What the exercise asks
Retype the entries. Match them exactly.

***** Data extracts *****

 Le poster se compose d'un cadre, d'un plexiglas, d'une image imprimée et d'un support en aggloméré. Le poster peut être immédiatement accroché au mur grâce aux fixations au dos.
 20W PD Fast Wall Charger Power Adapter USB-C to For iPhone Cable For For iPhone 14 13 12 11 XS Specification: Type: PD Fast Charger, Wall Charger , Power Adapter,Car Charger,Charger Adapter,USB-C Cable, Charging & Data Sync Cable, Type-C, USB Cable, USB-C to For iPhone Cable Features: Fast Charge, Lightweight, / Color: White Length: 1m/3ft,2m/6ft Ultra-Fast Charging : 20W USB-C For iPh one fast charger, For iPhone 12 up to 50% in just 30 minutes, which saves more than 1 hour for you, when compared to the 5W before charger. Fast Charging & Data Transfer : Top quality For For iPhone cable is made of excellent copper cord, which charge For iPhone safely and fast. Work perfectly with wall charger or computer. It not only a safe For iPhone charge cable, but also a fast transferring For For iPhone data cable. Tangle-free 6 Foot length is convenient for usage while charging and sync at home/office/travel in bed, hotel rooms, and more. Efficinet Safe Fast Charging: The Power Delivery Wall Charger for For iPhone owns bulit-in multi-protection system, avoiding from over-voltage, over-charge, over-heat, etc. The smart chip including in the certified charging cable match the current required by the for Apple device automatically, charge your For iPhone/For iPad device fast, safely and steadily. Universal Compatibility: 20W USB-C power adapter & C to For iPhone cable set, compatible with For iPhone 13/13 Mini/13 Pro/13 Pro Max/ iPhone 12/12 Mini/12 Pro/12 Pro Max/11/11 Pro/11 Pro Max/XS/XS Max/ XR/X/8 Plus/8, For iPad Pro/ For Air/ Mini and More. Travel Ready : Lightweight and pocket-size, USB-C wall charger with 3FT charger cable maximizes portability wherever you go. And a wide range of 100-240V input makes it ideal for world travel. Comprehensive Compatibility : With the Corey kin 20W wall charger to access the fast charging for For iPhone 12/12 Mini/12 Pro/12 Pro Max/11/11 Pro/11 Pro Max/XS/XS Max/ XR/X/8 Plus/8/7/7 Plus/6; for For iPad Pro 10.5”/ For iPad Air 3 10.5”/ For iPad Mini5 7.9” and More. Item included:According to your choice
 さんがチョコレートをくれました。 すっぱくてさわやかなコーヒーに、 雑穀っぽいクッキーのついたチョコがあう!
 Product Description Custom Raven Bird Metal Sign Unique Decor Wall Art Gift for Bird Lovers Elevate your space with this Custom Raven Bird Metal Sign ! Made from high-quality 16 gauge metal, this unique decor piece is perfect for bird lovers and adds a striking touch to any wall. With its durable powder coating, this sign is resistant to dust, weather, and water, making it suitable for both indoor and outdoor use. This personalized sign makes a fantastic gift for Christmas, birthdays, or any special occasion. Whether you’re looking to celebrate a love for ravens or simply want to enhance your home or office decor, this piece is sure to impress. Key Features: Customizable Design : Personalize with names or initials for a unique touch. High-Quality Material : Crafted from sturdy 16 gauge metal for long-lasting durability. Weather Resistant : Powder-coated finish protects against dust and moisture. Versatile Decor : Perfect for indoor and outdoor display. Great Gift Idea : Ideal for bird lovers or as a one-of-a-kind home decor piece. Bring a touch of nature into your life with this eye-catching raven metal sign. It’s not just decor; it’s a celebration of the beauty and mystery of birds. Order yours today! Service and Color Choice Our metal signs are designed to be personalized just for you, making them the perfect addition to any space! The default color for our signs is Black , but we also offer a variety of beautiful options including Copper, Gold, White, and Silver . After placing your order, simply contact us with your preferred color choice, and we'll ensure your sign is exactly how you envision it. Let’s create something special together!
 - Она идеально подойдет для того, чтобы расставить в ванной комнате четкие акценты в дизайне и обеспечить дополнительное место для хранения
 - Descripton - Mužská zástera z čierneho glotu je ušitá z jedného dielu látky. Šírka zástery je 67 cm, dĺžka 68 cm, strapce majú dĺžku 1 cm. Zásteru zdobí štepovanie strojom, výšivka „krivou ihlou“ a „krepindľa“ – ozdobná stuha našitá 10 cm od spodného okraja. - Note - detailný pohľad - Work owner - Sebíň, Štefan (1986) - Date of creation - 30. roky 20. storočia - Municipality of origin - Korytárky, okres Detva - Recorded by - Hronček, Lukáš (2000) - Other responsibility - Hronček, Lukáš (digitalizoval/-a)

*****

Solution
 Le poster se compose d'un cadre, d'un plexiglas, d'une image imprimée et d'un support en aggloméré. Le poster peut être immédiatement accroché au mur grâce aux fixations au dos.
 20W PD Fast Wall Charger Power Adapter USB-C to For iPhone Cable For For iPhone 14 13 12 11 XS Specification: Type: PD Fast Charger, Wall Charger , Power Adapter,Car Charger,Charger Adapter,USB-C Cable, Charging & Data Sync Cable, Type-C, USB Cable, USB-C to For iPhone Cable Features: Fast Charge, Lightweight, / Color: White Length: 1m/3ft,2m/6ft Ultra-Fast Charging : 20W USB-C For iPh one fast charger, For iPhone 12 up to 50% in just 30 minutes, which saves more than 1 hour for you, when compared to the 5W before charger. Fast Charging & Data Transfer : Top quality For For iPhone cable is made of excellent copper cord, which charge For iPhone safely and fast. Work perfectly with wall charger or computer. It not only a safe For iPhone charge cable, but also a fast transferring For For iPhone data cable. Tangle-free 6 Foot length is convenient for usage while charging and sync at home/office/travel in bed, hotel rooms, and more. Efficinet Safe Fast Charging: The Power Delivery Wall Charger for For iPhone owns bulit-in multi-protection system, avoiding from over-voltage, over-charge, over-heat, etc. The smart chip including in the certified charging cable match the current required by the for Apple device automatically, charge your For iPhone/For iPad device fast, safely and steadily. Universal Compatibility: 20W USB-C power adapter & C to For iPhone cable set, compatible with For iPhone 13/13 Mini/13 Pro/13 Pro Max/ iPhone 12/12 Mini/12 Pro/12 Pro Max/11/11 Pro/11 Pro Max/XS/XS Max/ XR/X/8 Plus/8, For iPad Pro/ For Air/ Mini and More. Travel Ready : Lightweight and pocket-size, USB-C wall charger with 3FT charger cable maximizes portability wherever you go. And a wide range of 100-240V input makes it ideal for world travel. Comprehensive Compatibility : With the Corey kin 20W wall charger to access the fast charging for For iPhone 12/12 Mini/12 Pro/12 Pro Max/11/11 Pro/11 Pro Max/XS/XS Max/ XR/X/8 Plus/8/7/7 Plus/6; for For iPad Pro 10.5”/ For iPad Air 3 10.5”/ For iPad Mini5 7.9” and More. Item included:According to your choice
 さんがチョコレートをくれました。 すっぱくてさわやかなコーヒーに、 雑穀っぽいクッキーのついたチョコがあう!
 Product Description Custom Raven Bird Metal Sign Unique Decor Wall Art Gift for Bird Lovers Elevate your space with this Custom Raven Bird Metal Sign ! Made from high-quality 16 gauge metal, this unique decor piece is perfect for bird lovers and adds a striking touch to any wall. With its durable powder coating, this sign is resistant to dust, weather, and water, making it suitable for both indoor and outdoor use. This personalized sign makes a fantastic gift for Christmas, birthdays, or any special occasion. Whether you’re looking to celebrate a love for ravens or simply want to enhance your home or office decor, this piece is sure to impress. Key Features: Customizable Design : Personalize with names or initials for a unique touch. High-Quality Material : Crafted from sturdy 16 gauge metal for long-lasting durability. Weather Resistant : Powder-coated finish protects against dust and moisture. Versatile Decor : Perfect for indoor and outdoor display. Great Gift Idea : Ideal for bird lovers or as a one-of-a-kind home decor piece. Bring a touch of nature into your life with this eye-catching raven metal sign. It’s not just decor; it’s a celebration of the beauty and mystery of birds. Order yours today! Service and Color Choice Our metal signs are designed to be personalized just for you, making them the perfect addition to any space! The default color for our signs is Black , but we also offer a variety of beautiful options including Copper, Gold, White, and Silver . After placing your order, simply contact us with your preferred color choice, and we'll ensure your sign is exactly how you envision it. Let’s create something special together!
 - Она идеально подойдет для того, чтобы расставить в ванной комнате четкие акценты в дизайне и обеспечить дополнительное место для хранения
 - Descripton - Mužská zástera z čierneho glotu je ušitá z jedného dielu látky. Šírka zástery je 67 cm, dĺžka 68 cm, strapce majú dĺžku 1 cm. Zásteru zdobí štepovanie strojom, výšivka „krivou ihlou“ a „krepindľa“ – ozdobná stuha našitá 10 cm od spodného okraja. - Note - detailný pohľad - Work owner - Sebíň, Štefan (1986) - Date of creation - 30. roky 20. storočia - Municipality of origin - Korytárky, okres Detva - Recorded by - Hronček, Lukáš (2000) - Other responsibility - Hronček, Lukáš (digitalizoval/-a)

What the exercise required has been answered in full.